Exercise description:
Could you retype, exactly and with no pictures, only the lines from the first line of the records below through the line that contains "- Features: Walk-Out"?

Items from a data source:
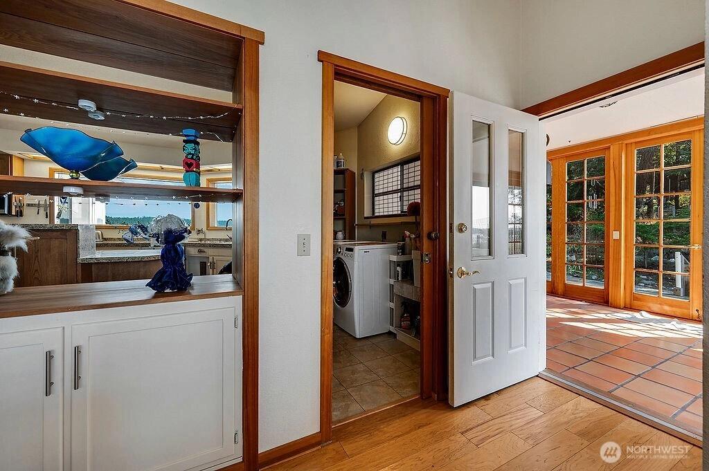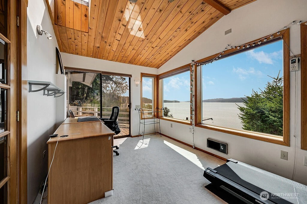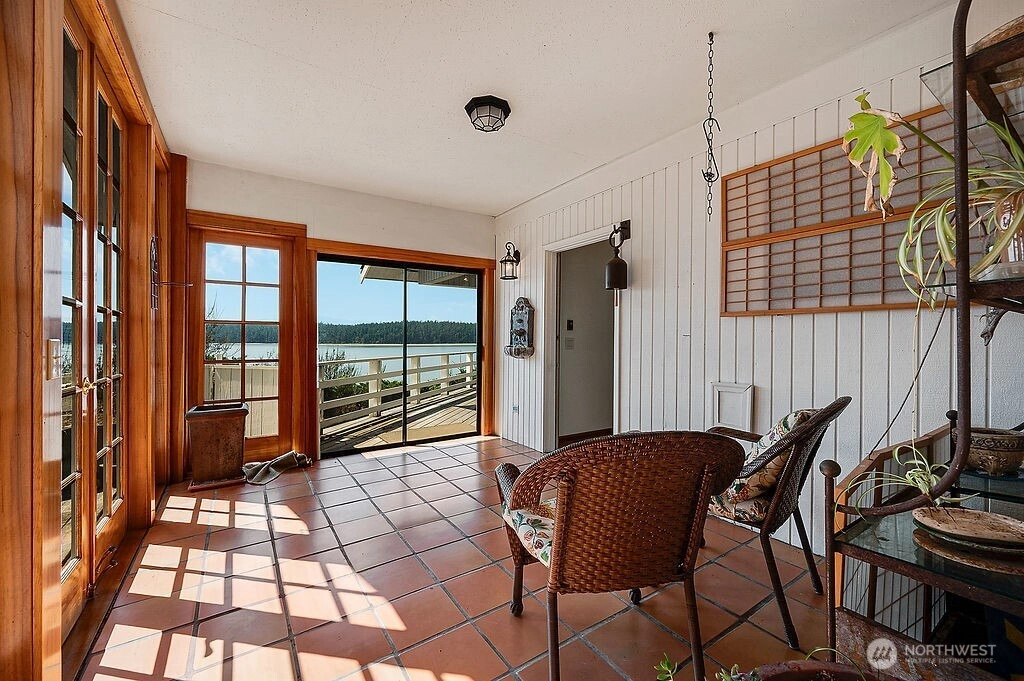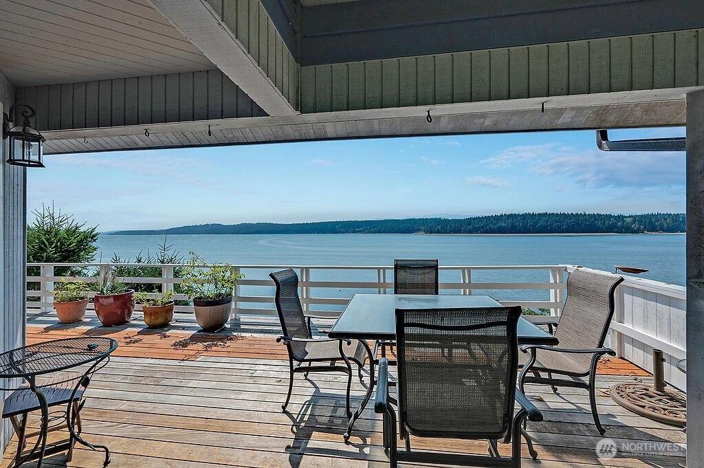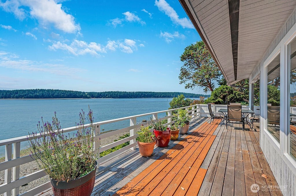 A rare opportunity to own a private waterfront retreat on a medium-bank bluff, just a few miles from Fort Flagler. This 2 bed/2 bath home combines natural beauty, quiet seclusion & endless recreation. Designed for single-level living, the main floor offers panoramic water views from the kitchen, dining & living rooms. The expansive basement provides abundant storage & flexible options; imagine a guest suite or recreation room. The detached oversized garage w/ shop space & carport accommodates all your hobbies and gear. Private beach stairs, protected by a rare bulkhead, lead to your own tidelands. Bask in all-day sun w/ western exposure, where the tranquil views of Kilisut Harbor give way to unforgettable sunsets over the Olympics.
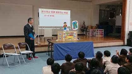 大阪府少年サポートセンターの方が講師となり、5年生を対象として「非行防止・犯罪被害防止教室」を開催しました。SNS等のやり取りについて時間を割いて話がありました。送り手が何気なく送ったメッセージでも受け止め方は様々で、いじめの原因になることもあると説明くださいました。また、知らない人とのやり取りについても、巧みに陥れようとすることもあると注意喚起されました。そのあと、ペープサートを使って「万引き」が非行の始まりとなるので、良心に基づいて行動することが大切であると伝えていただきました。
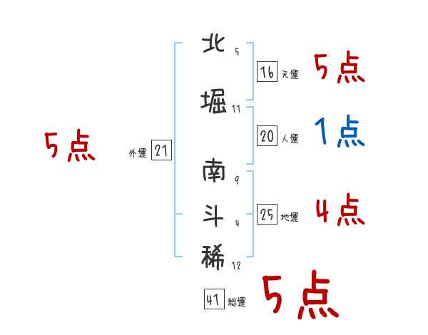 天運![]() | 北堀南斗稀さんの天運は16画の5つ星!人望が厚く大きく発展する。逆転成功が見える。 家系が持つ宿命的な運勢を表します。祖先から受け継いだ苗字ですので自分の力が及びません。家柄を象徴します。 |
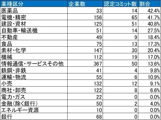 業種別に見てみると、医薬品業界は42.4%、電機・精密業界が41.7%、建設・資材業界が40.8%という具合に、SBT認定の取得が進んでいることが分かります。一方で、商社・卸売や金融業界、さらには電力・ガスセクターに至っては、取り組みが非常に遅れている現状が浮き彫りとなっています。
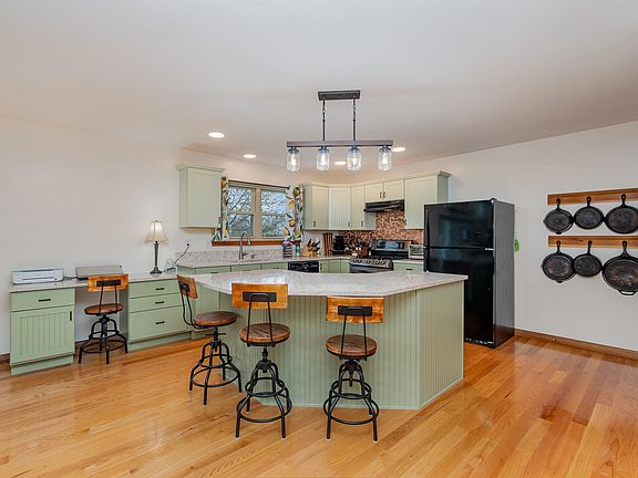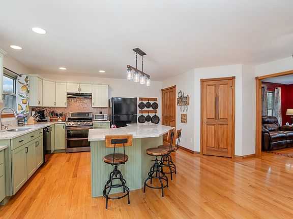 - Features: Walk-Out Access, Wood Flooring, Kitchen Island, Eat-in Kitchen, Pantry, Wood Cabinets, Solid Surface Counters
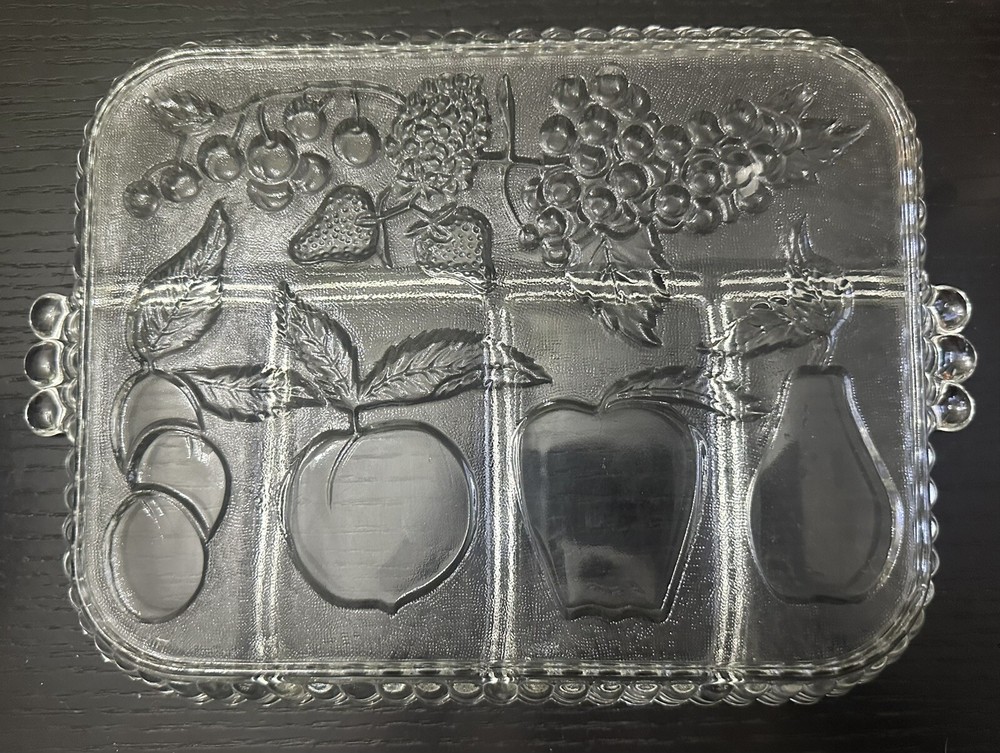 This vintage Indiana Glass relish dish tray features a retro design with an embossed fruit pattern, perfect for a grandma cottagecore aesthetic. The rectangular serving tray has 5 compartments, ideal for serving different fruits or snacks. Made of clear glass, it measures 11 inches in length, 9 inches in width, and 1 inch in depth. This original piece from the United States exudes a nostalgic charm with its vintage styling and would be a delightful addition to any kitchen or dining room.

Written response:
 A rare opportunity to own a private waterfront retreat on a medium-bank bluff, just a few miles from Fort Flagler. This 2 bed/2 bath home combines natural beauty, quiet seclusion & endless recreation. Designed for single-level living, the main floor offers panoramic water views from the kitchen, dining & living rooms. The expansive basement provides abundant storage & flexible options; imagine a guest suite or recreation room. The detached oversized garage w/ shop space & carport accommodates all your hobbies and gear. Private beach stairs, protected by a rare bulkhead, lead to your own tidelands. Bask in all-day sun w/ western exposure, where the tranquil views of Kilisut Harbor give way to unforgettable sunsets over the Olympics.
 大阪府少年サポートセンターの方が講師となり、5年生を対象として「非行防止・犯罪被害防止教室」を開催しました。SNS等のやり取りについて時間を割いて話がありました。送り手が何気なく送ったメッセージでも受け止め方は様々で、いじめの原因になることもあると説明くださいました。また、知らない人とのやり取りについても、巧みに陥れようとすることもあると注意喚起されました。そのあと、ペープサートを使って「万引き」が非行の始まりとなるので、良心に基づいて行動することが大切であると伝えていただきました。
 天運![]() | 北堀南斗稀さんの天運は16画の5つ星!人望が厚く大きく発展する。逆転成功が見える。 家系が持つ宿命的な運勢を表します。祖先から受け継いだ苗字ですので自分の力が及びません。家柄を象徴します。 |
 業種別に見てみると、医薬品業界は42.4%、電機・精密業界が41.7%、建設・資材業界が40.8%という具合に、SBT認定の取得が進んでいることが分かります。一方で、商社・卸売や金融業界、さらには電力・ガスセクターに至っては、取り組みが非常に遅れている現状が浮き彫りとなっています。
 - Features: Walk-Out Access, Wood Flooring, Kitchen Island, Eat-in Kitchen, Pantry, Wood Cabinets, Solid Surface Counters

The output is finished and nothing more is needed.